§ Your assignment:
Give the data below again exactly as written, without its pictures.

§ Given material:
--*--

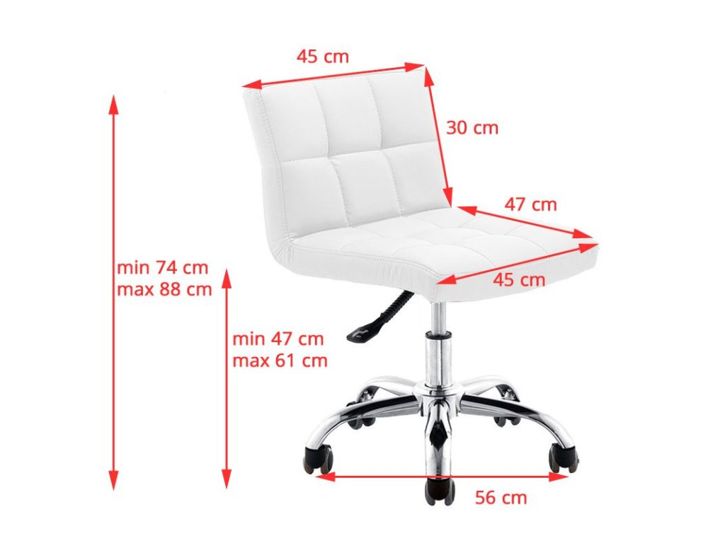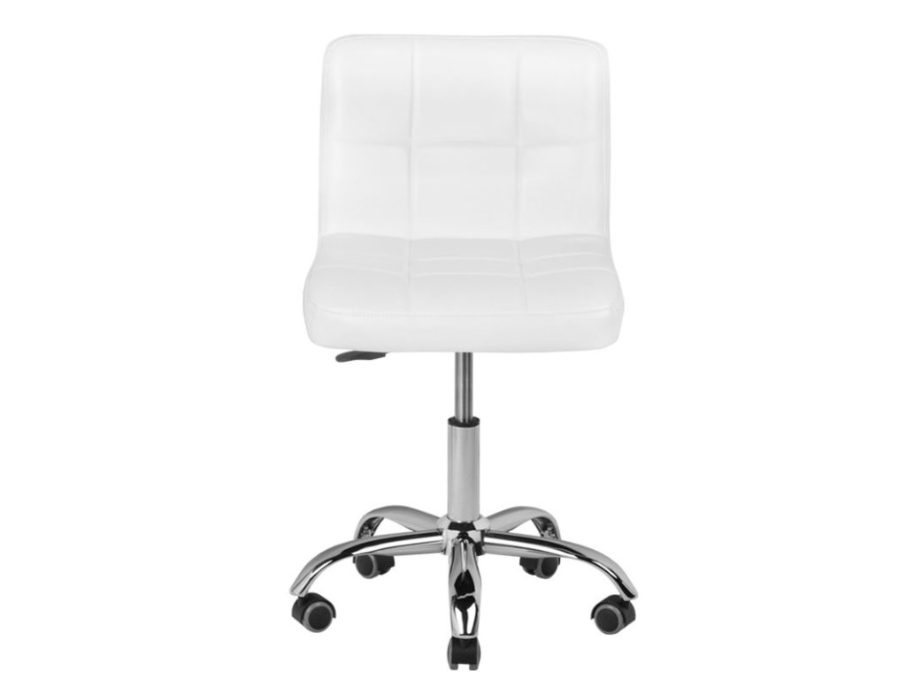 moderné biele kozmetické kreslo. veľmi pohodlné sedadlo s moderným vzhľadom a pekným prešívaním. kvalitná ekokoža zaručuje ľahšiu starostlivosť o nábytok. sedadlo je nastaviteľné hore a dole. gumové kolieska.
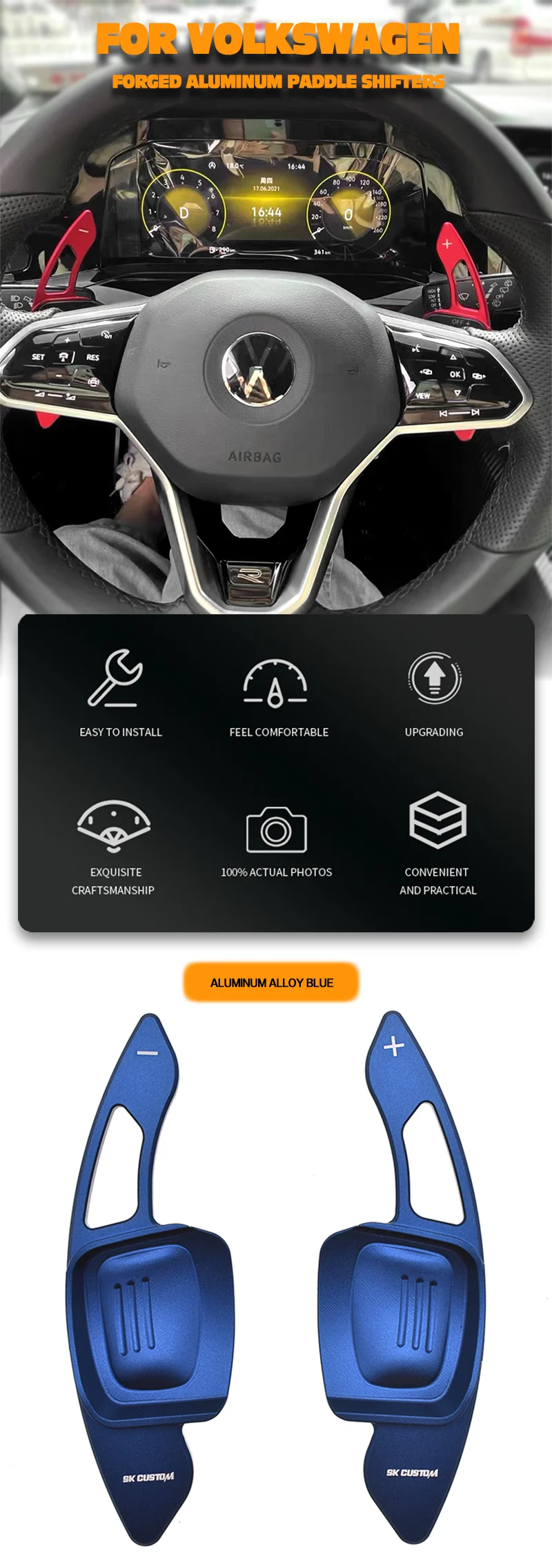 SK CUSTOM Automotive Aluminum Steering Wheel Paddle Shifters For Volkswagen Golf 8 MK8 GTI RLine
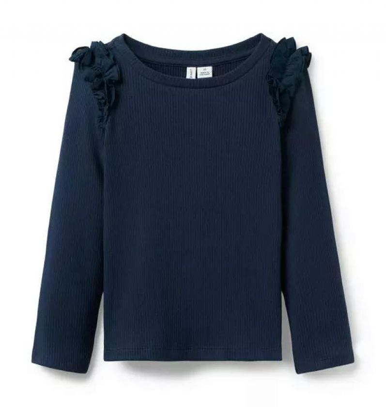 Our ribbed top is extra cozy in soft, brushed fabric. Finished with ruffles at the shoulders, it's ready to pair with all their favorites.
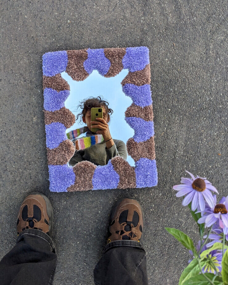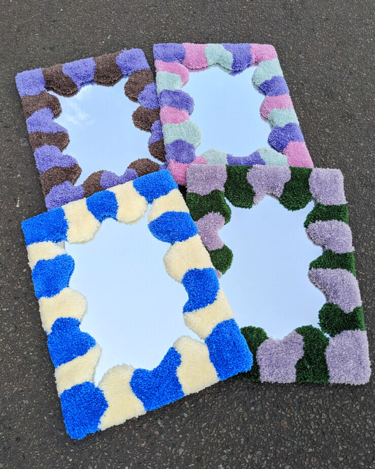 Handtuftad fluffig spegel i komönster. En hängkrok ingår i paketet.

--*--

§ Solved problem:
 moderné biele kozmetické kreslo. veľmi pohodlné sedadlo s moderným vzhľadom a pekným prešívaním. kvalitná ekokoža zaručuje ľahšiu starostlivosť o nábytok. sedadlo je nastaviteľné hore a dole. gumové kolieska.
 SK CUSTOM Automotive Aluminum Steering Wheel Paddle Shifters For Volkswagen Golf 8 MK8 GTI RLine
 Our ribbed top is extra cozy in soft, brushed fabric. Finished with ruffles at the shoulders, it's ready to pair with all their favorites.
 Handtuftad fluffig spegel i komönster. En hängkrok ingår i paketet.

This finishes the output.